Los demás cazadores asintieron.
Ayla se acercó a la leona que había matado y sacó su odre de agua. Estaba hecho con el estómago bien lavado de un ciervo. Tenía la abertura inferior cerrada mediante un nudo, y en la superior llevaba encajada una vértebra de ciervo con las proyecciones desbastadas y sujeta con un tendón bien atado. El orificio natural en el centro de esa porción de columna vertebral proporcionaba un pitorro muy útil. El tapón era una correa de piel fina con varios nudos, unos encima de otros, introducida a presión en el agujero. Retiró el tapón de cuero anudado y se llenó la boca de agua. Se arrodilló junto a la cabeza de la leona, se la levantó y le abrió las fauces. A continuación, echó un chorro de agua de su boca a la del gran felino.
—Te damos gracias, Doni, Gran Madre de Todos, y damos gracias al espíritu del León Cavernario —declamó en voz alta.
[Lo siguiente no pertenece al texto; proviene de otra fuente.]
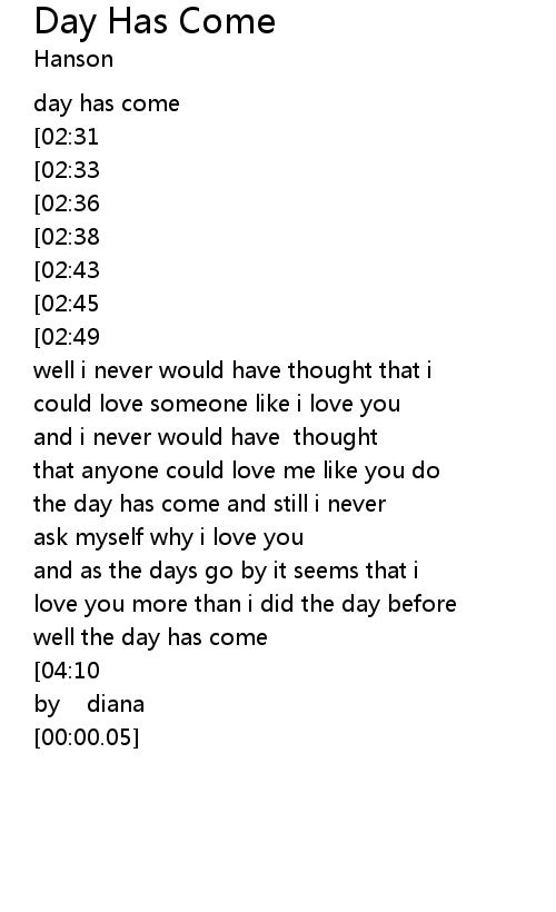 the day has come and still i never |
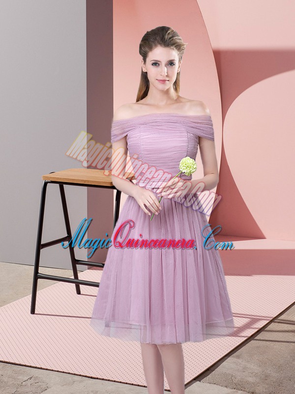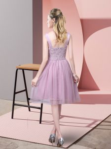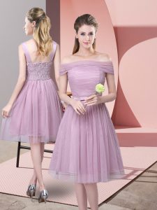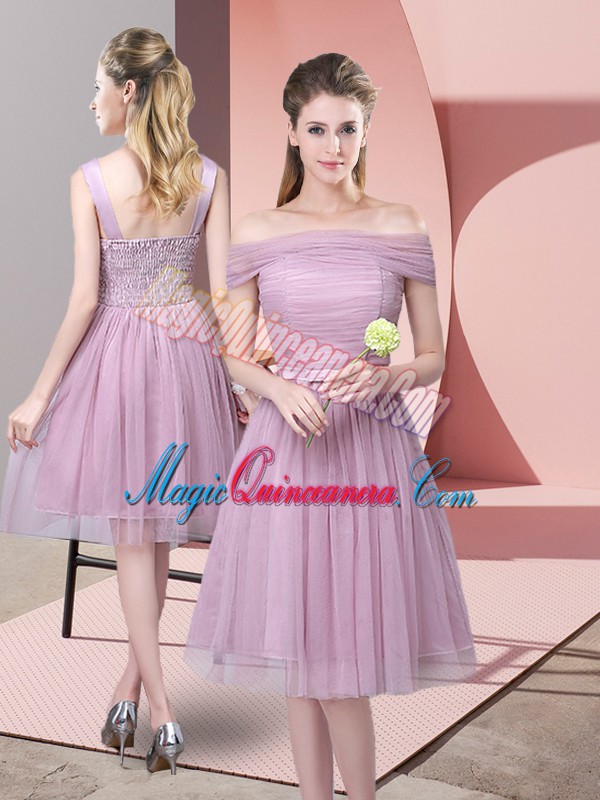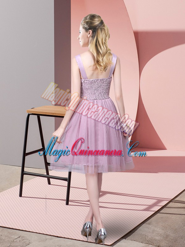 Deluxe Ruching and Belt Court Dresses for Sweet 16 Lavender Side Zipper Sleeveless Knee Length
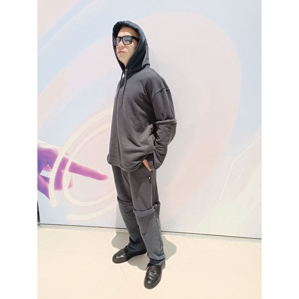 Сучасний комфорт у кожній деталі. Костюм виконаний із м’якого, практичного матеріалу, який забезпечує свободу рухів та зносостійкість. Оверсайз худі з глибоким капюшоном створює захист від вітру та додає стилю. Штани мають універсальний крій із додатковими елементами трансформації — секції на блискавках дозволяють регулювати довжину та вентиляцію залежно від ситуації.
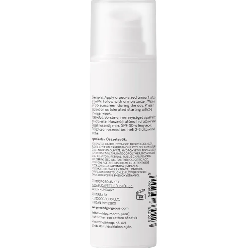 Retinal wordt beschouwd als de grote broer van retinol, maar heeft maar één stap nodig in plaats van twee om omgezet te worden in het huidactieve retinoïnezuur – wat betekent dat het zijn huidverzorgende effecten nog efficiënter afgeeft. Eenmaal op de huid zorgt het Geek & Gorgeous 101 Actives A-Game 10 Serum voor meer collageenproductie en ondersteunt het de vernieuwingsprocessen van de bovenste huidlagen. Dit maakt de teint egaler, helpt oneffenheden voorkomen en zorgt ervoor dat de huid er constant gerevitaliseerd en verjongd uitziet. Het serum kan ook hyperpigmentatie en oneffenheden in de teint verminderen. Door de celvernieuwing te versnellen, heeft het ook krachtige antiverouderingseffecten.
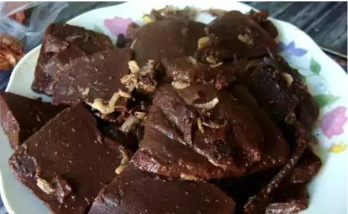 猪血又称猪红、血花。将乐农家在搬家宴席中,必上的一道菜便是猪血。其间缘由,与方言有关。本来,当地人把猪血叫作煃发,谐音“会发”,意欲发家发财。
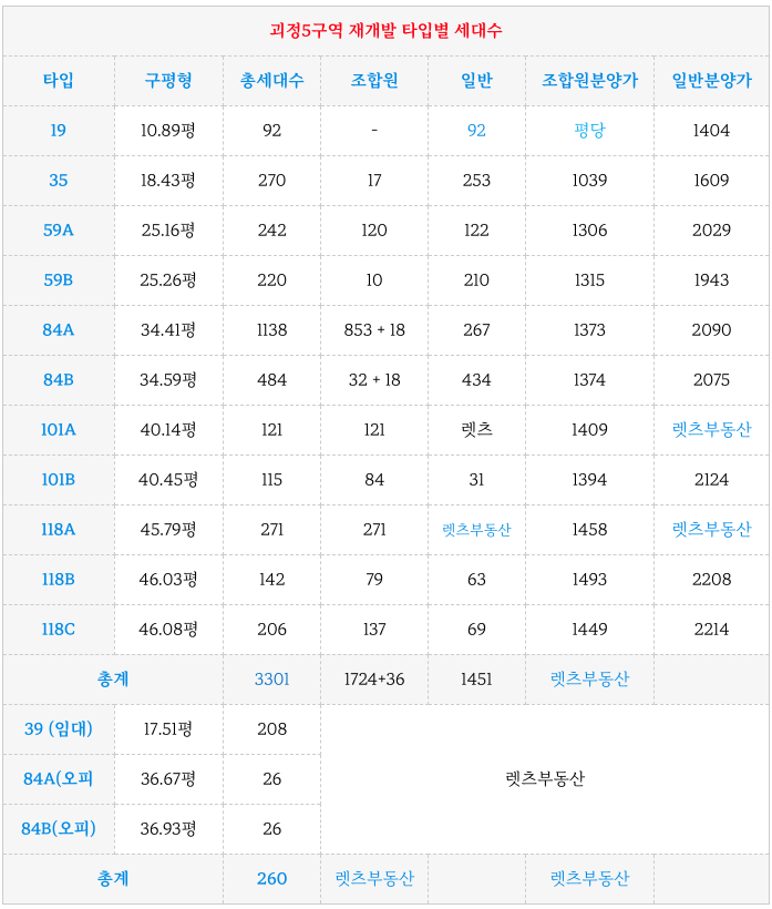 괴정5구역 재개발의 각 타입별 조합원 분양가와 세대수 입니다.
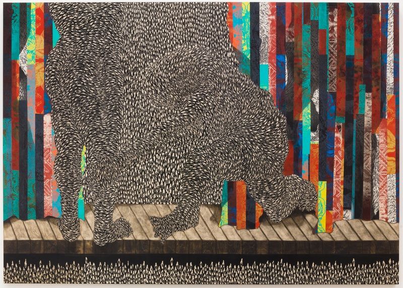 These paintings draw our attention to the provocative interstices made by the encounters among distinctive shapes, lines, forms, and colors. Thus, the method of looking is different. It needs to be decidedly haptic. It needs to be deliberately engaging. It needs to be mindful of the resonances created at the points of encounter between the composition of painting, the materiality of printmaking, and the precision of drawing. It is in this context that we can understand William’s work. The paintings capture the essence of power, sensuality, and presence while not shying away from the challenges hidden in the shadows.
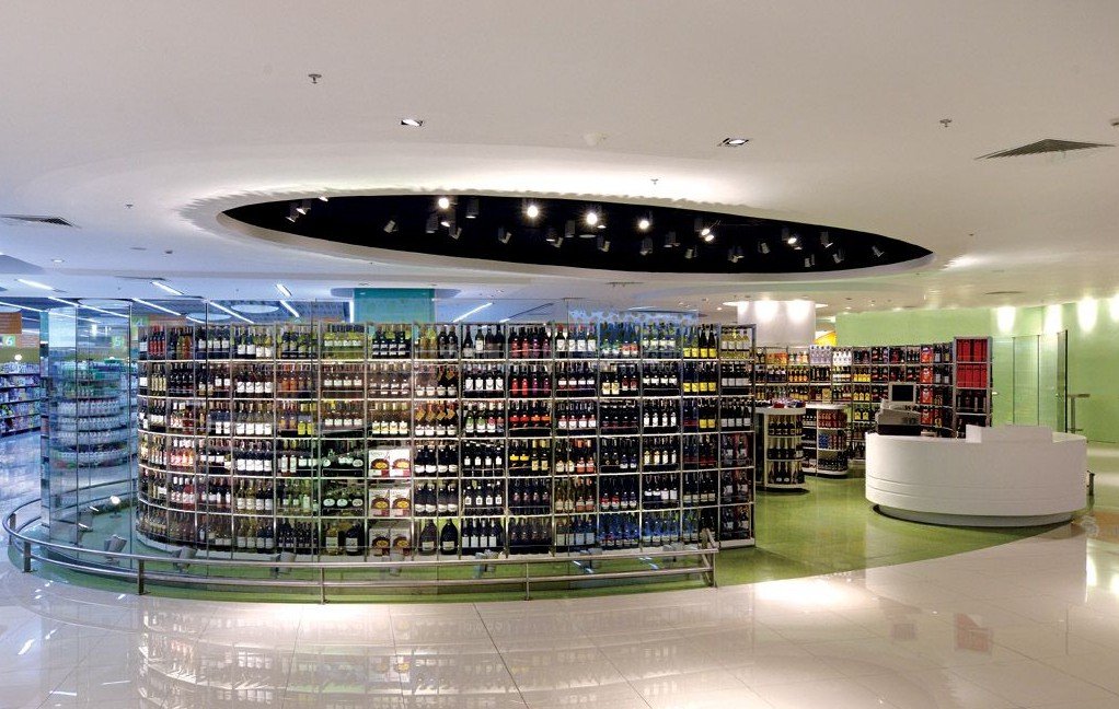 椭圆形玻璃展柜,与流线型的吊顶相呼应,加上柔美的光纤,给消费者一种悠闲、舒适的感受。生活超市给消费者带来的是在超市的繁杂以外的方便、安全与舒适。
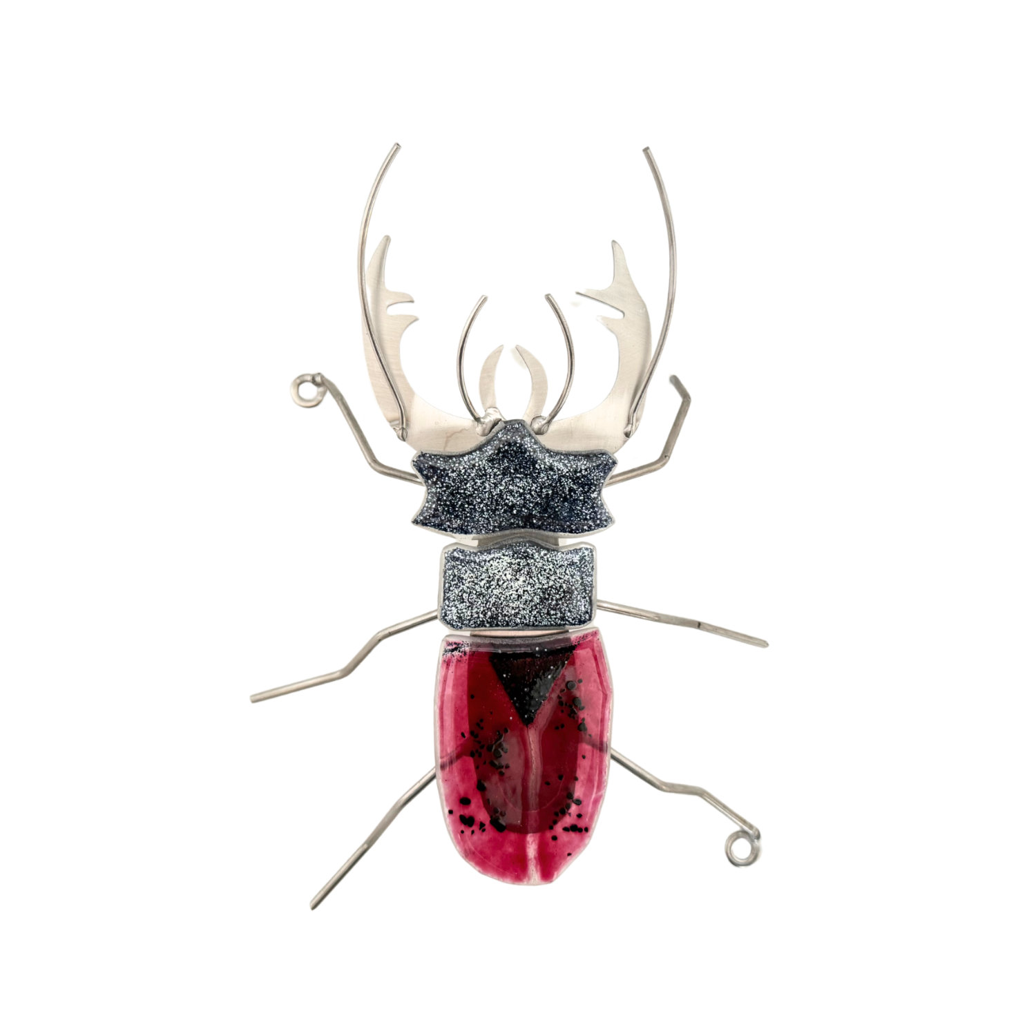 Handgefertigte Figuren aus rostfreiem Edelstahl, in Verbindung mit gefusten Glasscheiben und Farbmehl
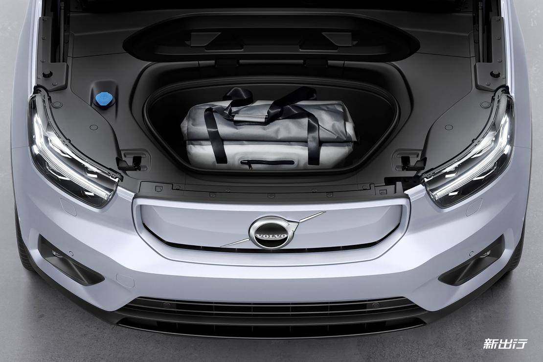 沃尔沃标志性的雷神之锤日间行车灯在纯电动版车型上沿用,由于纯电动车型并不需要内燃机,新车在前机舱设计了容量约 30 升的前备厢。
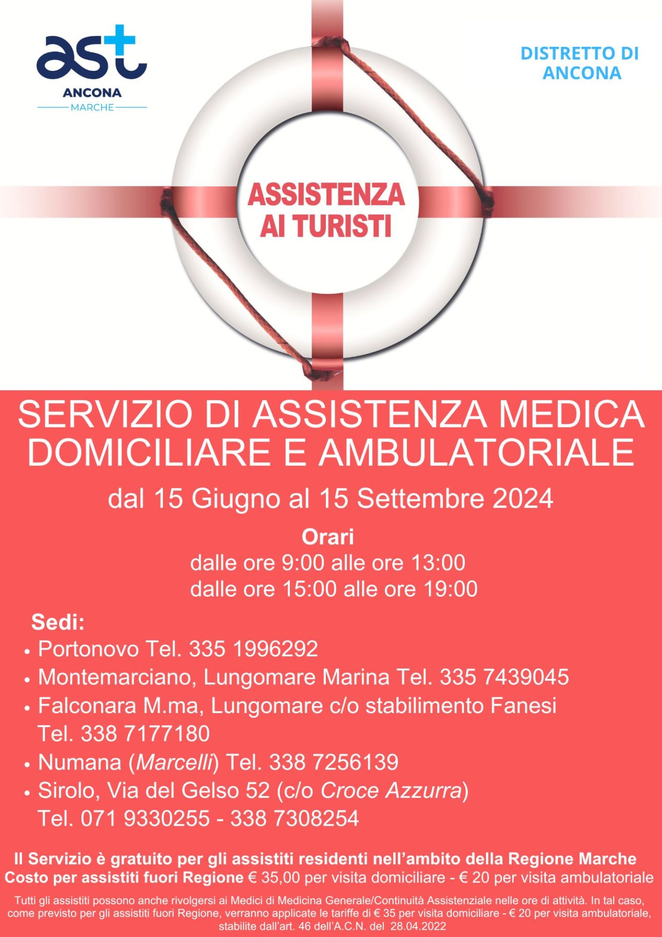 Al via come tutti gli anni il Servizio di Guardia Medica Turistica nei Distretti di Ancona e Senigallia. L’Azienda Sanitaria Territoriale rende noto che il servizio sarà garantito dal 15 giugno al 15 settembre.
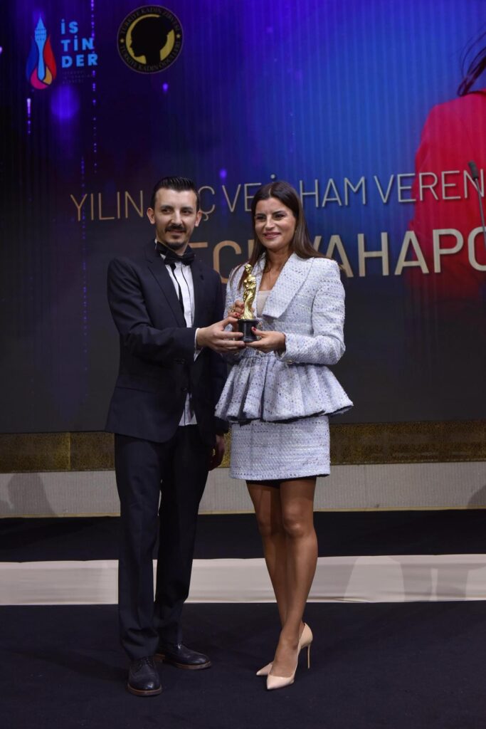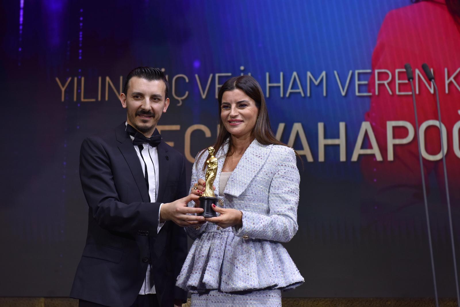 Zirve kapsamında düzenlenen ödül töreninde Tanju Menteş, “Yılın Güç ve İlham Veren” ödülünü başarılı isim Ece Vahapoğlu’na takdim etti.
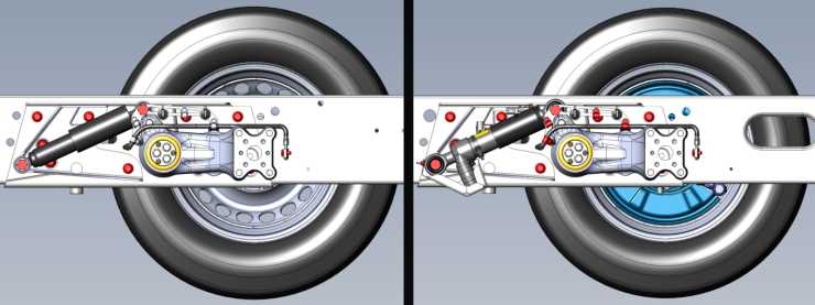 De aktiva dämparna är försedda med ventiler för tryckreglering som styrs via en elektronisk enhet som monteras i förarstolens konsol. Lämplig dämpningshårdhet ställs blixtsnabbt in utifrån den information som fås från 7 sensorer på de rörliga axlarna och på karossen. Reglering sker inom ramarna för grundinställningarna för standard respektive komfort.
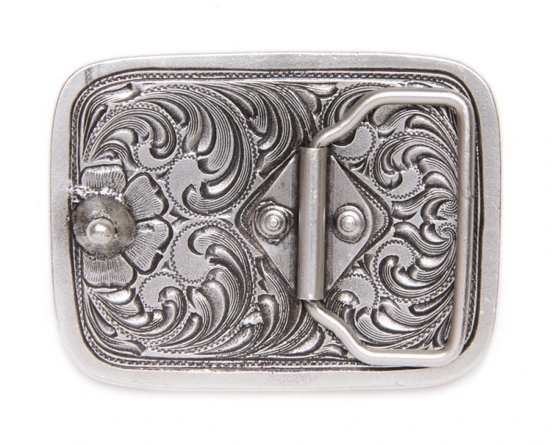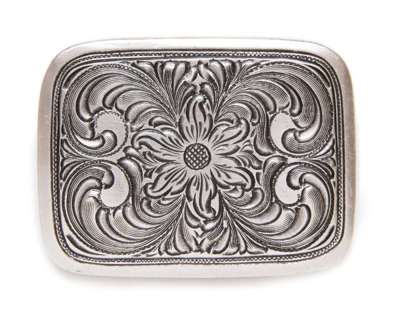 - Hebilla estilo western de tamaño pequeño y forma rectangular en brillo plateado mate para hombre y mujer, decorada con espirales de estética cowboy y una flor grabada en el centro.

Empezó a formar con las manos los signos mudos del lenguaje formal del clan, el que empleaban para dirigirse al mundo de los espíritus, pero con voz queda tradujo el significado de los signos que realizaba—. Esta mujer da gracias al espíritu del Gran León Cavernario, el tótem de esta mujer, por permitir que unos cuantos seres vivos de este espíritu hayan caído bajo las lanzas de los humanos. Esta mujer expresa su pesar al gran espíritu del León Cavernario por la pérdida de sus seres vivos. La Gran Madre y el espíritu del León Cavernario saben que ha sido necesario para la seguridad de las personas, pero esta mujer desea manifestar su gratitud.
Se volvió hacia el grupo de cazadores que la observaban. No lo había hecho tal como ellos estaban acostumbrados, pero era fascinante verla, y su pequeña ceremonia había sido del agrado de los cazadores que, superando sus temores, habían conseguido que su territorio fuera un lugar más seguro para ellos y los demás. También comprendieron por qué su Zelandoni, que era la Primera, había tomado a esa mujer como acólita.
—No me atribuiré a otros leones que puedan haber sido alcanzados por alguna de mis lanzas, pero me gustaría recuperar las lanzas —dijo Ayla—. Como esta leona sólo tiene clavada una lanza mía, me la atribuyo. Me quedaré con la piel y el rabo, además de las zarpas y los dientes.